As you’re watching it turn, there are lots of things you might wonder about, but if you’re like me, one of the first that comes to mind is: How fast is your gondola whisking through the air when you ride it?
To answer this question, we will go back to the venerable equation:
rate = distance / time
for which we will need to obtain a distance traveled and the time it takes to travel that distance. The obvious time to use is the time for one full revolution of the wheel. If the Texas Star is turning when you visit, then you can grab a stopwatch, choose one of the gondolas, start your timer just as it brushes the ground at the bottom of the wheel, follow it around with your eyes, and stop the time when it returns to the same location. If the wheel is still, you-ll have to rely on information found elsewhere on the web or on my timing — about 40 seconds for a full revolution.
How far does the gondola go in one revolution? Well, what path is it traveling along? It’s a circle, the characteristic shape of a Ferris wheel. So we need the perimeter of that circle, also known as its circumference, for which we can use another famous equation:
Circumference = π × diameter.
How to find the diameter of the wheel? If you can get up close to the Texas Star, you can start all the way at one side where the farthest-out bit of the wheel is just above your head, and count your paces (try to take equal-sized steps) walking alongside the wheel until the opposite side of the wheel is just above your head. Then with a measuring tape measure the length of ten of your paces (again, trying to use that same equal-sized step you used when pacing off the wheel). Divide the number of paces you counted by ten (hint: that’s easy to do by moving the decimal point one position to the left) and multiply by the length of ten paces.
If you can’t get close enough to the wheel for this method, then again you can rely on published information. According to a 2007 New York Times article, the diameter is approximately 212 feet.
Plugging in to the equation, the gondola travels about 666 feet in one revolution. So using the rate equation, that’s roughly 666/40 = 16.65 feet per second.

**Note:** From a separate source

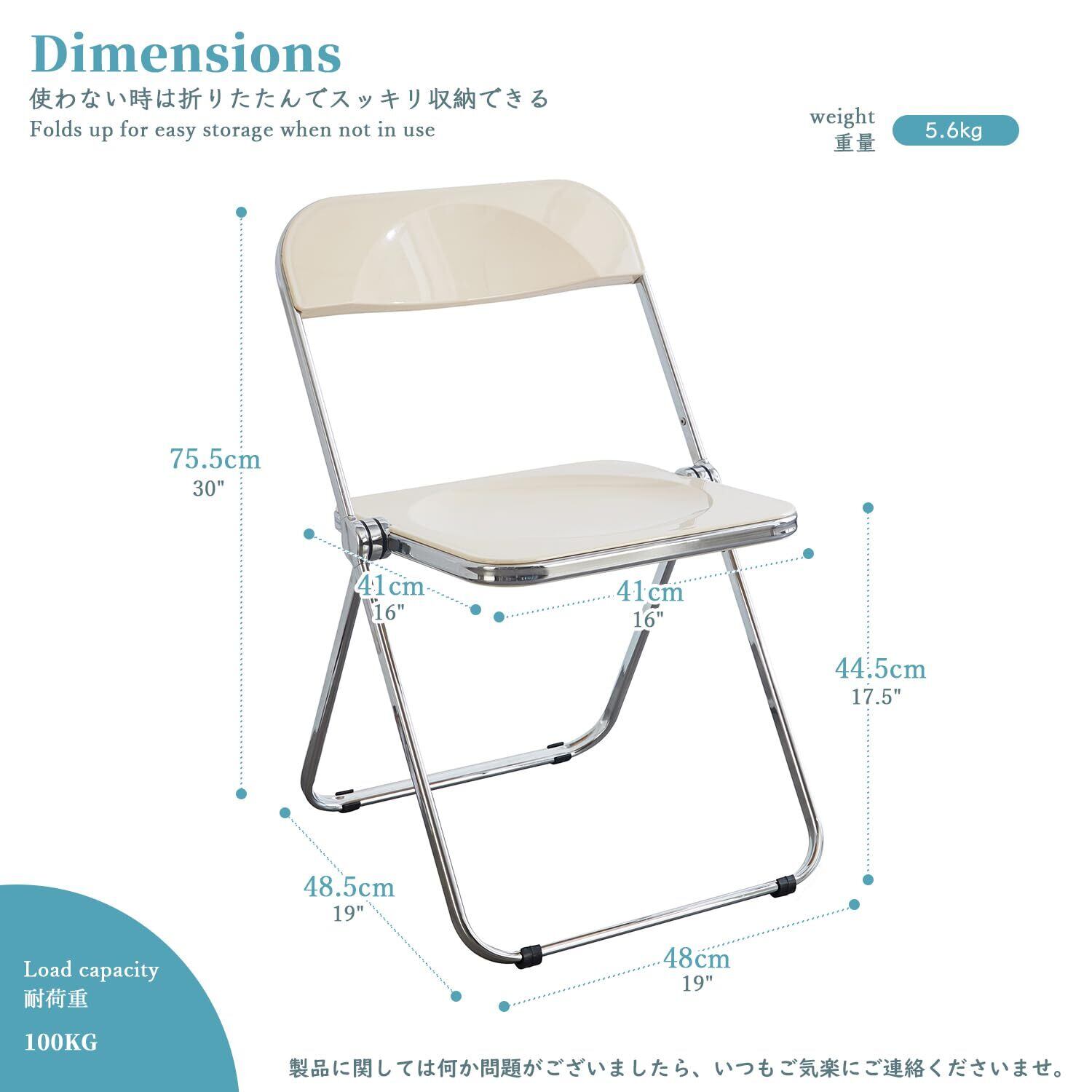 素材:PP+スチール製、サイズ:48×48.5×75.5cm、重量:5.6kg、耐荷重:約100㎏。製品に関しては何か問題がございましたら、いつもご気楽にご連絡くださいませ。

OK, that’s nice, but how fast is that? To get a better handle on the speed, we’d like to convert it into a more familiar unit, like miles per hour. To do that, we need to use some unit conversions, which we should write like fractions so that we can cancel:
feet / second) x (1 mile/5280 feet) x (3600 seconds/hour) = 11.35…miles/hour
So the moral of this story is that when you’re riding the Texas Star, you’re traveling at just over 11 miles per hour — not quite as fast as you can ride your bike. On the other hand, it’s pretty hard to ride your bike 20 stories high into the air!